**DATA TO USE**
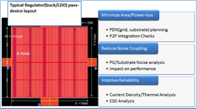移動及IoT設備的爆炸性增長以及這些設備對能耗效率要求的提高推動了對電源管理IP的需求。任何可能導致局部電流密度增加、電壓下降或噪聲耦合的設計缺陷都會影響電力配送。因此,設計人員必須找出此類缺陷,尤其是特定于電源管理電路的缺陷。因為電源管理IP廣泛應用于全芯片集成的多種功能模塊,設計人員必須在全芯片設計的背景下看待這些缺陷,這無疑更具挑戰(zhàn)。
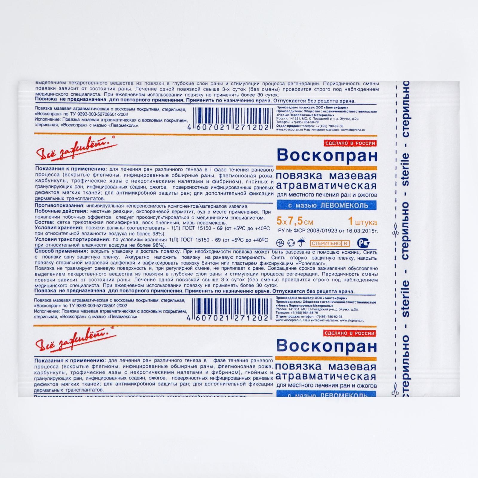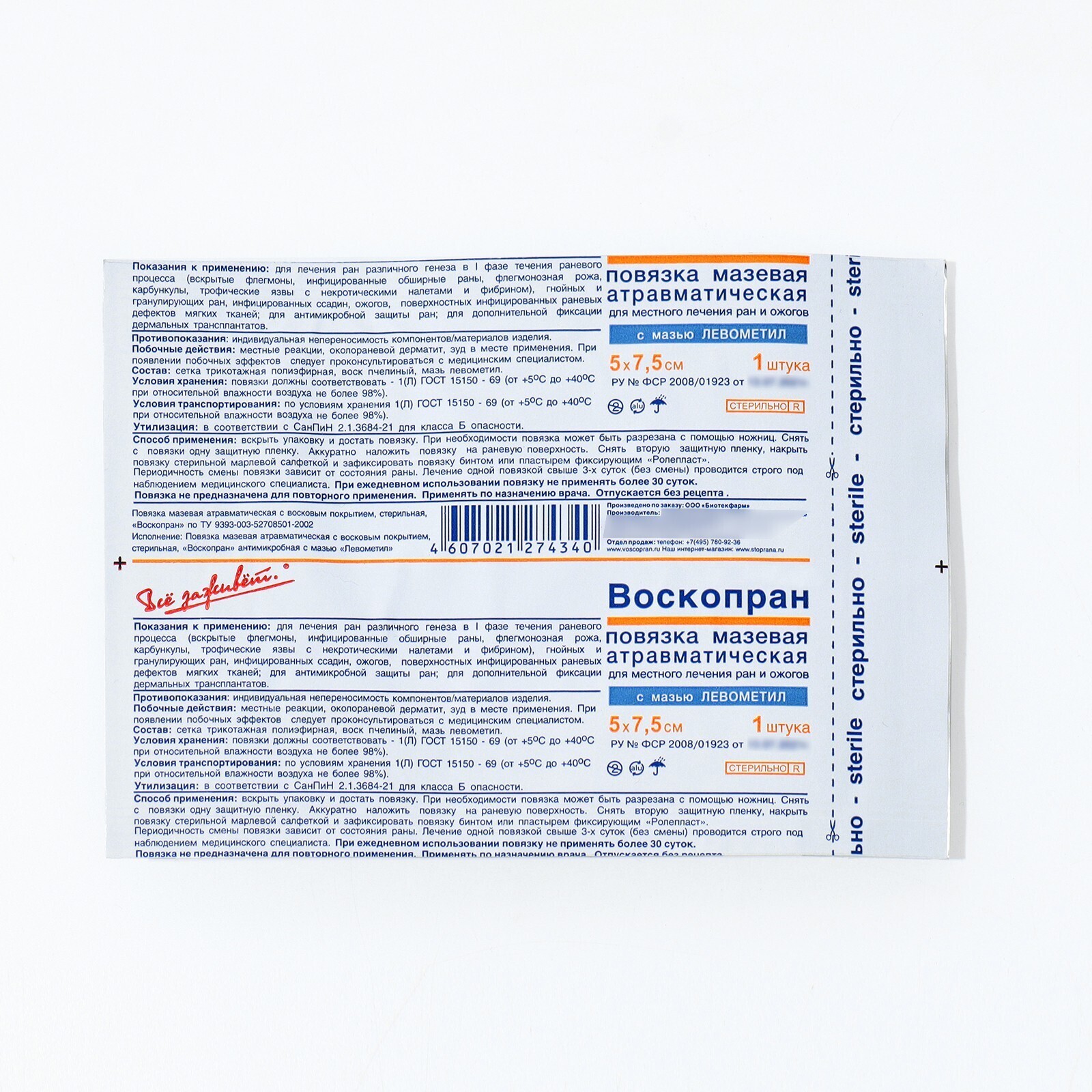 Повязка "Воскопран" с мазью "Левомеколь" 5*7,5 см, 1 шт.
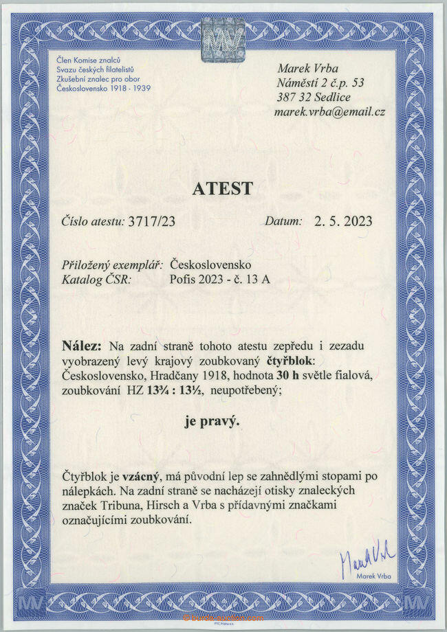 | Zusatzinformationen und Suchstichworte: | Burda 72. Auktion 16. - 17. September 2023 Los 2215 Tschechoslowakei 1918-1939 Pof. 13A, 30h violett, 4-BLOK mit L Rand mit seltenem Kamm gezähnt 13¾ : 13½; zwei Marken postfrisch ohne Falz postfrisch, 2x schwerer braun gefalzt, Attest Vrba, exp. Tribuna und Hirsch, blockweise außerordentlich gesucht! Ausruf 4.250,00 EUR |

* * *

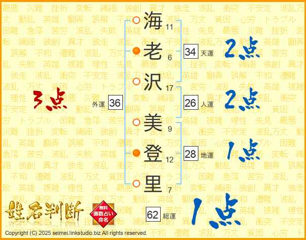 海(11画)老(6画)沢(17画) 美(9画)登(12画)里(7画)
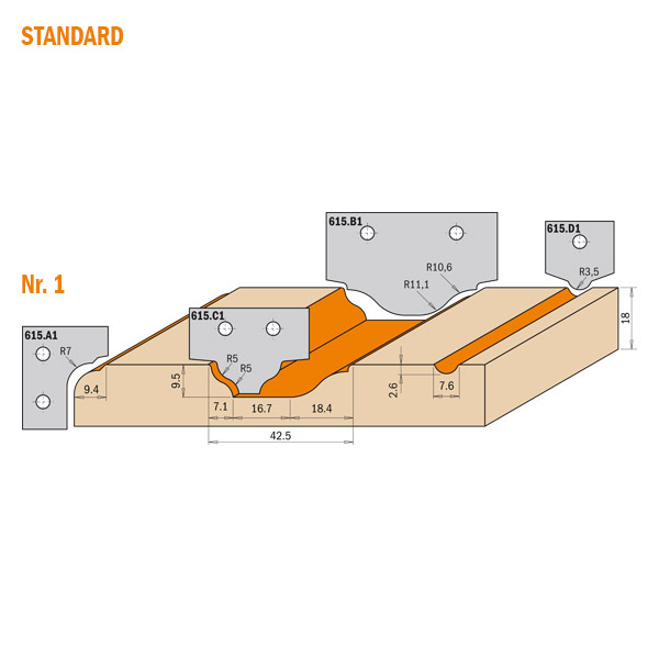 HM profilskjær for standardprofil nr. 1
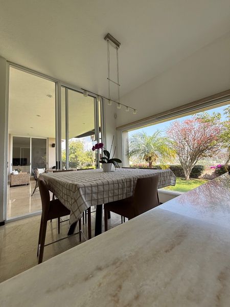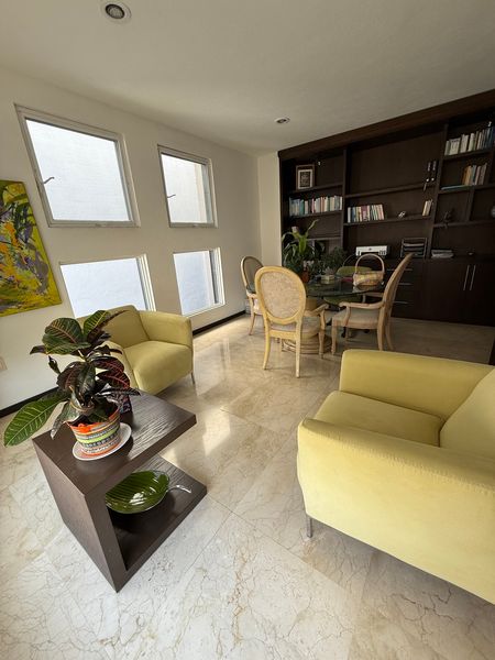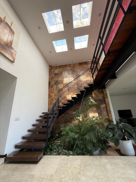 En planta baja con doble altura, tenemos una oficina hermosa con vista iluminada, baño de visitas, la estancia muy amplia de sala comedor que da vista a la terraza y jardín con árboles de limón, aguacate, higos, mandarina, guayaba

**WHAT IS REQUIRED**
Look above for the line holding "移動及IoT設備的爆炸性增長" and output everything from it down to the line holding "4.250,00 EUR |", both ends included, exactly and without images.

**SOLVED EXERCISE**
移動及IoT設備的爆炸性增長以及這些設備對能耗效率要求的提高推動了對電源管理IP的需求。任何可能導致局部電流密度增加、電壓下降或噪聲耦合的設計缺陷都會影響電力配送。因此,設計人員必須找出此類缺陷,尤其是特定于電源管理電路的缺陷。因為電源管理IP廣泛應用于全芯片集成的多種功能模塊,設計人員必須在全芯片設計的背景下看待這些缺陷,這無疑更具挑戰(zhàn)。
 Повязка "Воскопран" с мазью "Левомеколь" 5*7,5 см, 1 шт.
 | Zusatzinformationen und Suchstichworte: | Burda 72. Auktion 16. - 17. September 2023 Los 2215 Tschechoslowakei 1918-1939 Pof. 13A, 30h violett, 4-BLOK mit L Rand mit seltenem Kamm gezähnt 13¾ : 13½; zwei Marken postfrisch ohne Falz postfrisch, 2x schwerer braun gefalzt, Attest Vrba, exp. Tribuna und Hirsch, blockweise außerordentlich gesucht! Ausruf 4.250,00 EUR |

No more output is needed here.